Through the people that fellows meet as well as the experiences that they have, fellowships also offer a singular opportunity for growth-both professionally and

personally. Many programs, such as the Kellogg Foundation, fund their fellows' interests in subjects that are only tangential to their areas of concentration. They'll pay for you to take guitar lessons, for example, or yoga classes if you believe that it will somehow enhance your personal or professional life.

Says Defeill, "All of it makes you better at the work you do, and if the work you do is improving the world than fellowships improve the world." However, fellowships may not improve your marriage: Defeill reports that married fellows often complain of outgrowing their mates.

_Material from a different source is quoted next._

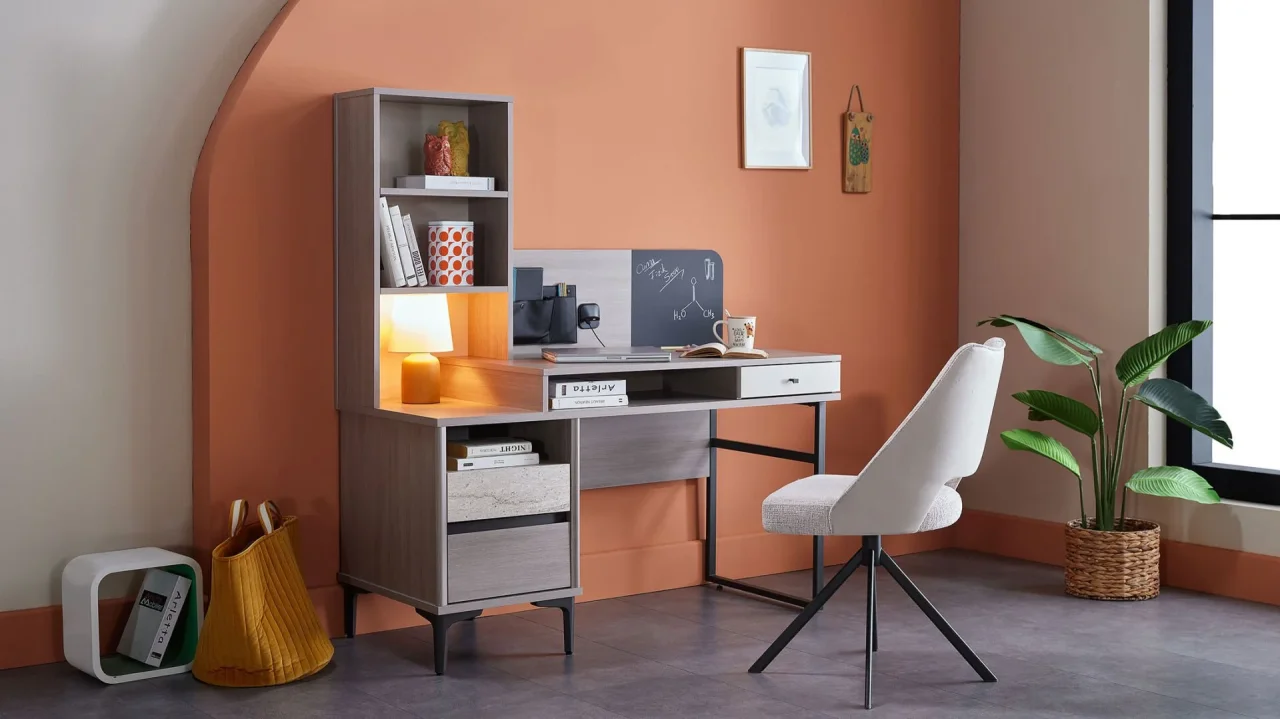 - Nasıl seçilir? Çekmeceli, üst raflı, en az 120 cm genişliğinde bir masa + sırtı destekleyen, yüksekliği ayarlanabilir sandalye. Pencere önüne yerleştirirseniz doğal ışık göz yorgunluğunu azaltır.

Fellowships are undergoing some changes themselves. Programs like Kellogg and Eureka have started to wonder whether their fellows are contributing to the goals that the fellowships exist to advance. "Even after years of lots of money going in," explains Izumizaki, "there was no overt or clear outcome required. So none was evaluated. People are looking at that and wondering, hmm, what happened here?" Kellogg has hired someone to find out.

Although future fellows may find more pressure to produce solid results, they'll also find a more activist-friendly funding environment. Douglas Maguire, the director of the Fund for Social Entrepreneurs, says that "there's a move toward increased flexibility on the part of funders to meet the real time needs of tomorrow's community leaders, rather than have the community leaders jump through a series of hoops to meet the cycles of foundations. We're moving towards a more customer-driven system."

Fellowship programs are figuring out other ways to help their fellows better. They recognize that the greatest benefit that they can provide is professional contacts. Following the example of fellowships from other professions like law and medicine, many nonprofit fellowship programs are working to put together tight alumni networks by hiring people to assemble rosters and make former fellows accessible to one another.

They're looking at professional programs like the Georgetown University Women's Law and Public Policy Fellowship, which introduces its lawyer fellows to top civil-rights attorneys and makes sure that they attend prestigious legal events-like a moot court at the Supreme Court or a dinner to celebrate the anniversary of Roe v. Wade-for ways to open similar doors for their fellows. "Many of the programs have been around," says Maguire. "There's now a base of people who've been through these programs and we want to tap the asset that's been created."

In the end, though, it's not who you know but who you are. Although all of the people interviewed for this story would choose to do their fellowships again if given the chance, "there's no one-to-one relationship between success of a fellowship and success of a person," says Izumizaki. "A fellowship is a tool, and the people who know how to use the tool kit will be the most successful."

Anastasia M. Warpinski provided research assistance for this article.